Preiss then filed a “Motion to Vacate Interlocutory Judgment and to Enter Final Judgment” asserting that the district court’s final judgment did not dispose of one of the healthcare providers, Central Texas Kidney Associates, P.A., thus rendering the judgment interlocutory and [287]*287unappealable. See Mafrige v. Ross, 866 S.W.2d 590, 591 (Tex.1993). The district court denied Preiss’s motion.

Preiss originally appealed by six issues. By his second issue, Preiss argued that the district court erred in denying his motion to vacate. This Court, expressing concern that it did not have jurisdiction to hear the appeal absent a final judgment specifically disposing of all the parties in the district court, abated the appeal and remanded the cause to the district court for the entry of a final judgment disposing of all the parties. See Preiss v. Moritz, No. 08-00-734-CV, slip op. (Tex.App.— Austin Apr. 12, 2001) (not designated for publication) (citing Tex.R.App. P. 27.2 (appellate court may allow appealed order that is not final to be modified so as to be made final)). The district court rendered an amended final judgment that disposed of all issues and all parties. Preiss then moved the district court for a new trial, seeking relief from the amended final judgment, or in the alternative, that the court reconsider his earlier amended motion for new trial.
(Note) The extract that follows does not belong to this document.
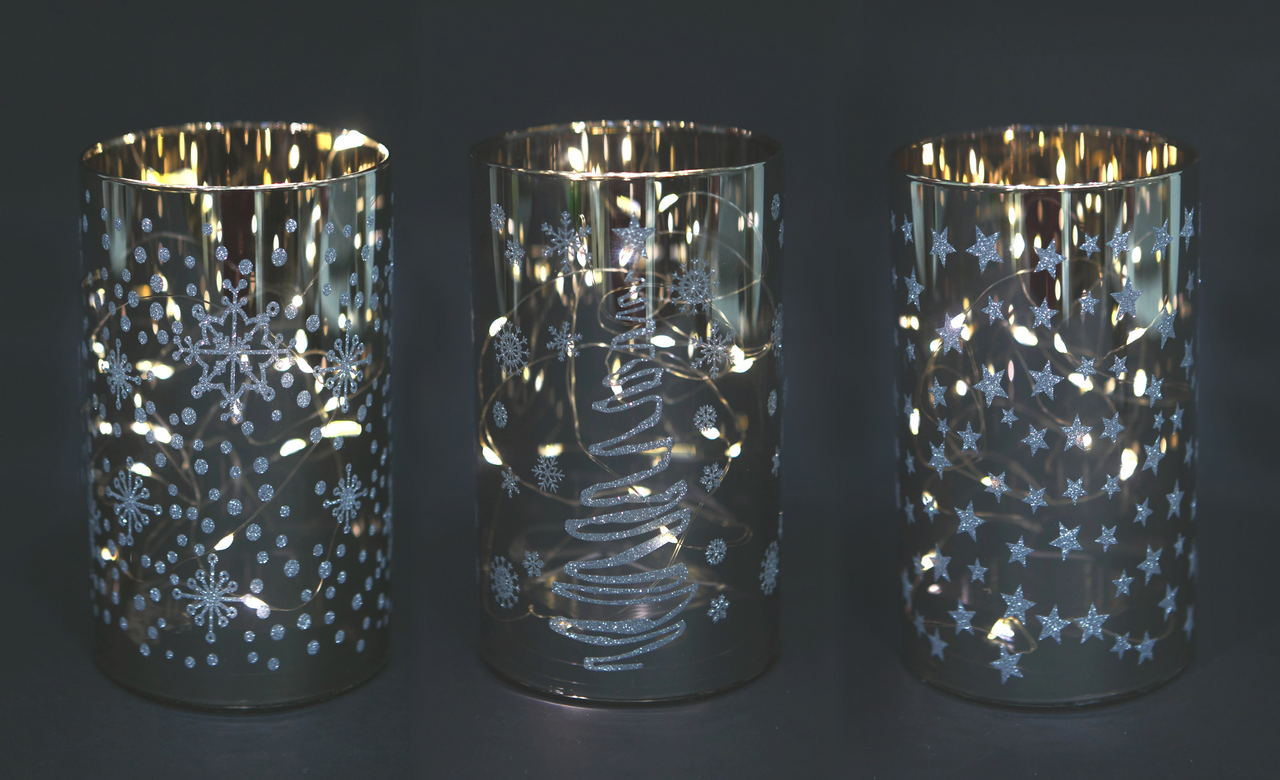 Свеча в стакане с ажурным узором (снежинки, елки, звезды). При включении создает красивые световые узоры на стенах. Ее можно использовать как украшение перед праздником, декор, как детский ночник или для романтичного настроения вечером. Можно размещать где угодно: на полке, в ванной, рядом с елкой, в детских комнатах, в саду. И не бояться возгорания.

The district court denied Preiss’s motion.1 We now consider Preiss’s remaining issues.

DISCUSSION

By his first issue, Preiss argues that the district court erred in denying his motion for new trial because juror Garcia was statutorily disqualified from jury service. See Tex. Gov’t Code Ann. § 62.102(8) (West 1998) (“A person is [ jqualified to serve as a petit juror [if she] ... is not under indictment or other legal accusation of misdemeanor or felony theft or any other felony.”).
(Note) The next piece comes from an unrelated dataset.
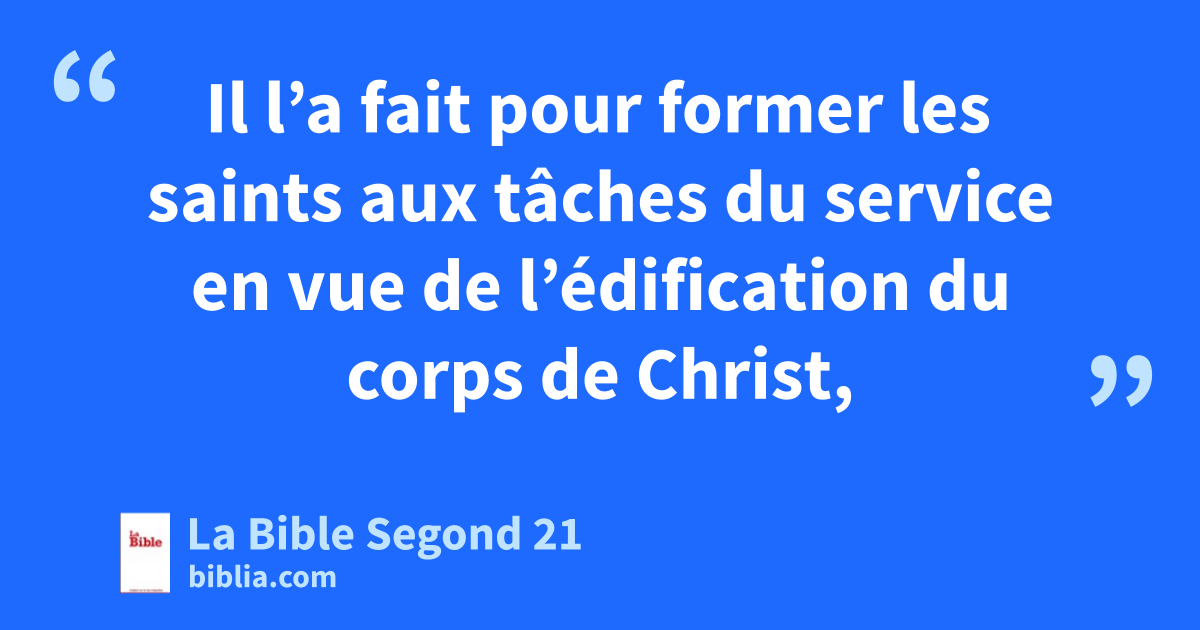 7Cependant, à chacun de nous la grâce a été donnée à la mesure du don de Christ. 8C’est pourquoi il est dit: Il est monté sur les hauteurs, il a emmené des prisonniers et il a fait des dons aux hommes.h 9Or, que signifie: Il est monté, sinon qu’il est aussi [d’abord] descendu dans les régions les plus basses de la terre? 10Celui qui est descendu, c’est celui qui est monté au-dessus de tous les cieux afin de remplir tout l’univers. 11C’est lui qui a donné les uns comme apôtres, les autres comme prophètes, les autres comme évangélistes, les autres comme bergers et enseignants. 12Il l’a fait pour former les saints aux tâches du service en vue de l’édification du corps de Christ, 13jusqu’à ce que nous parvenions tous à l’unité de la foi et de la connaissance du Fils de Dieu, à la maturité de l’adulte, à la mesure de la stature parfaite de Christ. 14Ainsi, nous ne serons plus de petits enfants, ballottés et emportés par tout vent de doctrine, par la ruse des hommes et leur habileté dans les manœuvres d’égarement. 15Mais en disant la vérité dans l’amour, nous grandirons à tout point de vue vers celui qui est la tête, Christ. 16C’est de lui que le corps tout entier, bien coordonné et solidement uni grâce aux articulations dont il est muni, tire sa croissance en fonction de l’activité qui convient à chacune de ses parties et s’édifie lui-même dans l’amour.

When examining a trial court’s action on a motion for new trial, appellate courts apply an abuse of discretion standard. “A motion for new trial is addressed to the trial court’s discretion and the court’s ruling on such will not be disturbed on appeal in the absence of a showing of an abuse of discretion.” Strackbein v. Prewitt, 671 S.W.2d 37, 38 (Tex.1984); Jackson v. Van Winkle, 660 S.W.2d 807, 808-09 (Tex.1983). “It is an abuse of discretion for a trial court to rule arbitrarily, unreasonably, or without regard to guiding legal principles or to rule without supporting evidence.” Bocquet v. Herring, 972 S.W.2d 19, 21 (Tex.1998).
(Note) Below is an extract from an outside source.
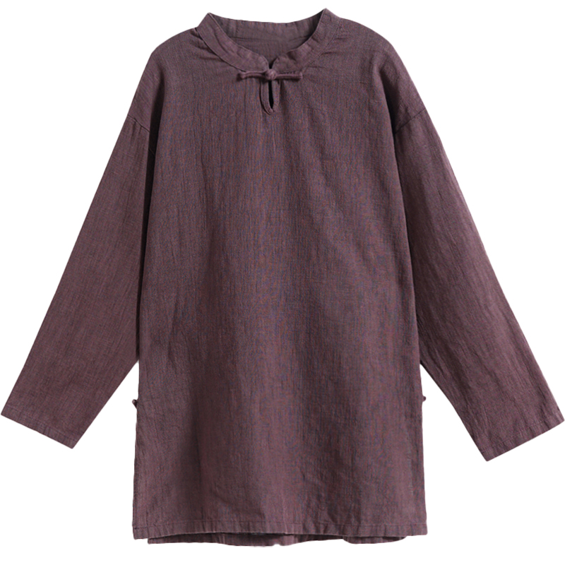 苎麻新中式复古衬衫女式2025春秋新款棉麻国风禅意茶服长袖T恤衫

At the time she sat on the jury, Garcia was under legal accusation of the misdemeanor offense of theft by check. Before voir dire, each potential juror completed a questionnaire distributed by the district clerk consisting of commonly asked voir dire questions. On her juror questionnaire Garcia was asked, “Have you ever been an ... accused, or a ... complainant, or a ... witness in a criminal case?” She responded “NO ” and was later selected as a juror. After the verdict was rendered, Preiss’s counsel discovered that Garcia had the outstanding misdemeanor-theft charge. Garcia testified at the motion-for-new-trial hearing that in June 1993 she wrote a check that was returned for insufficient funds. After being notified of the problem, she returned to the store where she wrote the check and paid the amount in full. However, she received a letter from the Travis County Attorney informing her [288]*288that, because of the insufficient check, she was required to attend a financial-management class or the State would file criminal charges against her. She completed the course in January 1994. Garcia testified that she submitted the proper proof of her completing the class to the county attorney. However, in July 1994, the State filed theft-by-check charges against Garcia that remained pending at the time of her jury service. A warrant for Garcia’s arrest, which remained unserved, was also issued.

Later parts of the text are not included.